Le Paradigme de la deeptech : quand un chercheur devient entrepreneur
Le monde de l'innovation deeptech vit une transformation radicale. Les frontières entre recherche académique et entrepreneuriat s'estompent, donnant naissance à un nouveau paradigme où les scientifiques ne se contentent plus de publier leurs découvertes, mais les transforment en entreprises de rupture.
Chercheur vs entrepreneur : deux mondes, deux cultures
L'imaginaire collectif oppose encore chercheurs et entrepreneurs. D'un côté, la recherche fondamentale, déconnectée du marché. De l'autre, le business et ses impératifs de rentabilité. Cette vision binaire ne résiste plus à la réalité du terrain.
Le rapport au temps, différence fondamentale
La principale divergence entre ces deux univers ne relève ni de la déconnexion au réel, ni d'un manque de compétences. La véritable différence, c'est le temps.
Un chercheur peut travailler plusieurs années sur un papier, recommencer ses expérimentations, affiner ses protocoles. Sa carrière scientifique se déploie sur le long terme, sans contrainte de trésorerie immédiate. L'entrepreneur, lui, doit composer avec le cash-flow : quand l'argent s'arrête, le projet s'arrête.
Paradoxalement, cette contrainte temporelle peut devenir un atout entrepreneurial. La pugnacité et la ténacité développées pendant des années de recherche constituent des qualités essentielles pour affronter les difficultés de la création d'entreprise.
Des compétences complémentaires mais distinctes
Les chercheurs qui atteignent des postes au CNRS ou à l'ENS ne sont pas arrivés là par hasard. Ils ont été des compétiteurs acharnés, sélectionnés parmi des centaines de candidats. Cette force mentale, souvent sous-estimée, représente un socle solide pour l'entrepreneuriat.
Cependant, la vocation première d'un chercheur reste la recherche. La plupart veulent continuer à publier, encadrer des doctorants, échanger avec leur communauté scientifique. Et c'est précisément là que le paradigme deeptech apporte une réponse innovante : il n'est plus nécessaire de choisir entre les deux voies.
Le nouveau profil de l'entrepreneur scientifique
Les compétences clés du deeptech entrepreneur
L'entrepreneur scientifique d'aujourd'hui doit maîtriser un spectre de compétences bien plus large qu'un chercheur traditionnel :
- Management de projet et gestion d'équipe
- Levée de fonds et conviction d'investisseurs
- Gestion du cash-flow et des finances
- Vente et développement commercial
- Interface avec la recherche et propriété intellectuelle
Cette mutation nécessite un accompagnement structuré.

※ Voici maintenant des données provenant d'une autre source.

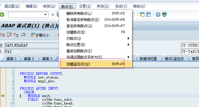 方法2: 使用ABAP调试器的watch point(观察点)功能
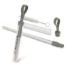 Reusable stainless-steel straw with a removable silicone mouthpiece and cleaning brush. The straw telescopically folds down to fit inside its own clear carry tube which seals shut with a silicone stopper. This has an adjustable loop so the carry tube can be attached to a key ring or bag. Reusable straws are an environmentally-friendly alternative to single-use plastic straws and are a great way to send a positive message. Branding is on the case.

D'où l'émergence de formations spécialisées, comme le master Deeptech entrepreneur lancé en 2018, qui forme désormais 48 participants par an.
Ces chercheurs qui ont basculé : études de cas
Le paradigme deeptech s'incarne dans des trajectoires individuelles remarquables.
Maximilien d'Akemia illustre la transformation radicale. Chercheur au CNRS, il a opéré un switch complet pour devenir CEO. Comme le souligne Cédric Denis-Rémis, vice-président de PSL : "Quand tu l'écoutes parler, tu n'as jamais pensé qu'il était chercheur au CNRS." Il a capitalisé sur ses compétences de compétiteur tout en changeant radicalement de posture.
Théo Peronnin d'Alice & Bob représente un autre modèle : chercheur brillant issu d'un environnement familial sensibilisé à l'entrepreneuriat, il a pu effectuer la transition plus naturellement.
Sublime Energie incarne une troisième voie : deux entrepreneurs de 50 ans issus de l'industrie (Orano et Chevalorec) qui sont venus se former, ont matché avec des chercheurs de l'École des Mines, et ont créé une entreprise qui vient de lever 15 millions d'euros. Les chercheurs, eux, continuent à publier et à "cracher des brevets" dans leur laboratoire.
L'acculturation des chercheurs à l'entrepreneuriat
Le "Tinder" de l'enseignement supérieur
Le paradigme deeptech repose sur une idée simple mais puissante : augmenter la surface de contact entre chercheurs et entrepreneurs. Mais faire rencontrer des mondes différents ne suffit pas.
L'acculturation est indispensable. Comme dans une vraie rencontre, matcher sur la première soirée ne garantit pas le mariage. Il faut du temps pour aligner les visions, comprendre les points de vue respectifs, et s'assurer que les intérêts de vie professionnelle convergent sur le long terme.
Le master Deeptech entrepreneur : former les talents de demain
Créé en 2018 sous le nom de "Second Life Deeptech Entrepreneur", ce programme structure cette rencontre. Le format : une semaine par mois pendant laquelle les participants suivent la formation, les trois autres semaines étant dédiées à leur projet.
La composition des promotions est calibrée : 50% issus du monde du business, 50% d'écoles d'ingénieurs. Cette diversité garantit l'émergence de binômes complémentaires et limite les biais disciplinaires.
Trois publics cibles pour trois besoins
Le master s'adresse aujourd'hui à trois profils distincts, chacun répondant à un besoin spécifique de l'écosystème deeptech :
1. Les créateurs de startups : Jeunes docteurs ou post-docs brillants qui ont remporté tous les prix mais ne savent pas par où commencer pour créer une entreprise. Formés à la recherche, ils viennent chercher un associé et les compétences entrepreneuriales.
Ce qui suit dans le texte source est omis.